GEF Portfolio Manager UNEP Chemicals and Waste, Kevin Helps said managing chemical and hazardous waste is crucial for protecting human health and the environment. He said the inception meeting was held at a time when the global community has just completed UNEA 5.2 where several resolutions on chemicals and wastes were adopted.
“As the use of hazardous chemicals and the volume of waste generated continues to rise, the potential impact on human health and the environment also grows. This is especially true in regions with import-based economies, with limited access to technologies and systems that ensure these impacts are kept to an absolute minimum. This includes SIDS and LDCs,” said Helps.
In response to this, GEF ISLANDS, which the GEF ISLANDS Pacific comes under, was born. The programme is comprised of regional projects in the Pacific, the Caribbean and Indian Oceans covering 33 SIDS. A global Coordination, Communications and Knowledge Management (CCKM) project connects the regional projects, facilitating SIDS-SIDS learning and ensuring that a coordinated approach is taken to communications, stakeholder engagement and gender transformation.
The inception meeting acquainted all participating countries with the overall project design and approaches. It also focused on outlining project components and activities, exploring potential synergies with other regional projects, seeking commitment on the governance and implementation of the project and developing an annual work plan and budget for approval by the Project Steering Committee. Head of UNEP in the Pacific, Sefanaia Nawadra, who closed the meeting, congratulated all the parties, heralding the GEF ISLANDS project as a “new chapter” for the fight against chemicals and hazardous waste.

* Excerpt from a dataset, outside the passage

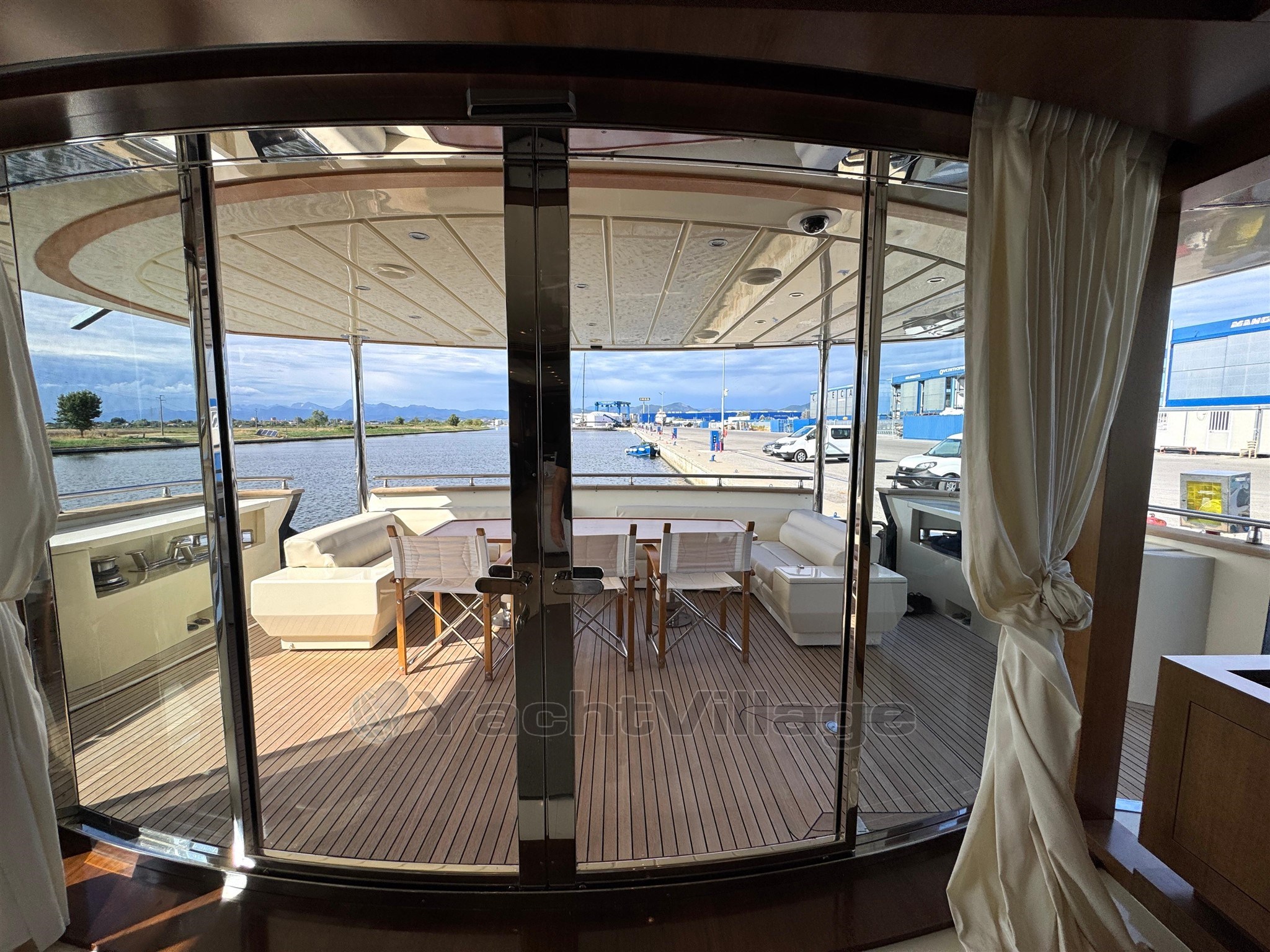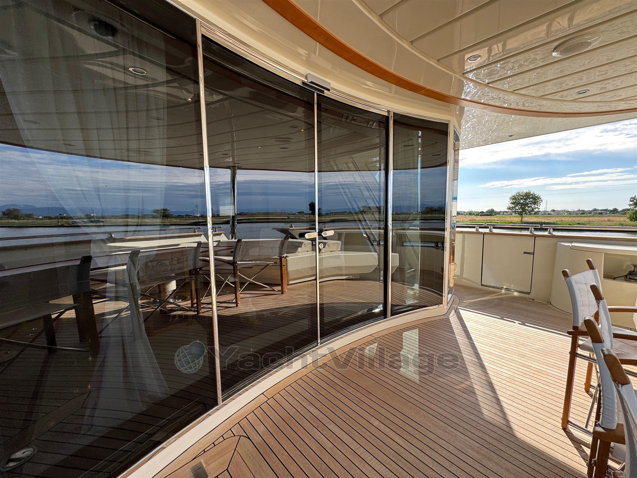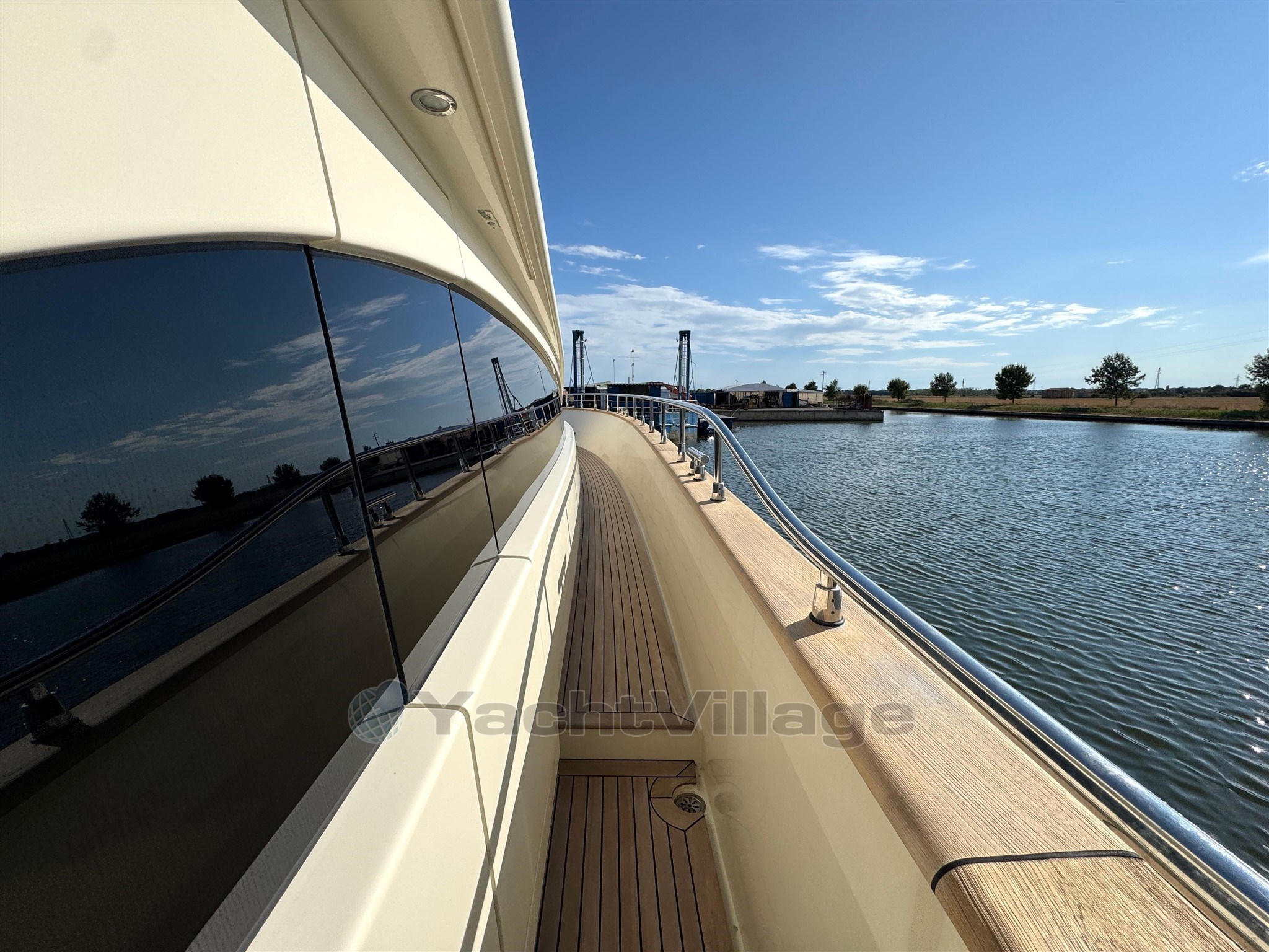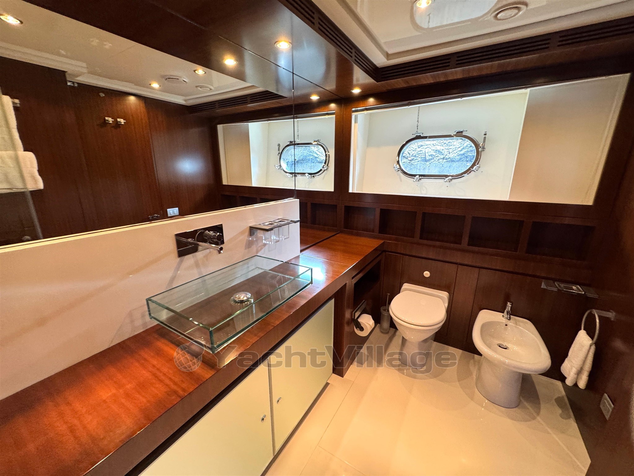 Alarma de humo/gas, alarma de motor, alarma de sentina, 2 anclajes (acero), 2 bombas de agua, 2 balsas salvavidas, baterías, alcantarillas, cubiertas laterales de teca, cargador de baterías, color especial (casco azul y estructura de superestructura), ducha externa, sistema de dirección doble, propulsor de popa (Idraulica), propulsor de proa (Idraulica), luces fijas en la popa, faro ajustable, flaps hidráulicos, garaje para tender (Tender da 4,20), daviones para motos de agua (A prora), Sistema de extinción de incen

“We can’t address everything through this project but I hope we are addressing the things that matter to the countries at this time and in a sustainable way. We have outlined the way forward during this meeting but it will need goodwill and cooperation from all of us to be able to move forward. We need to acknowledge that this will be a challenging project to implement but I am confident that all of us will work hard to ensure this is successful,” Nawadra said.
“We are at a good stage because never before has waste been addressed and looked upon with the same significance as it has now, we’ve always been there in the background. I must acknowledge the efforts that have been made by UNEP especially to raise the profile of waste at the global level to where it is now on par with biodiversity and climate change. This was unthinkable four or five years ago so it’s an opportunity we need to take hold of and address the issues we know we need to while we still have that profile.”
Looking ahead, Nawadra, who is also SPREP’s incoming Director General, said he is especially excited about the new chapter for waste partnerships in the Pacific region. “Firstly the collaboration is now beyond the Pacific, we have joined up with other SIDS regions in a more formal and practical way. Secondly I’m encouraged by Swire Shipping’s involvement, this a big thing because before it was normally just the UN agencies, regional agencies, NGOs maybe, multilateral banks but hardly ever a private company,” said Nawadra.
“Thirdly I am excited about the strong focus on communications. One of the challenges we face is showing how projects and activities make a difference, and by making a difference I’m not talking about some consultations here, some guidelines there, no I’m talking about making a tangible difference to what’s happening in everyday life because that’s how you get support for sustainability. We need to work to make sure that the GEF ISLANDS project makes a real difference and is sustainable as Minister Toeolesulusulu and others have challenged us today,” he said.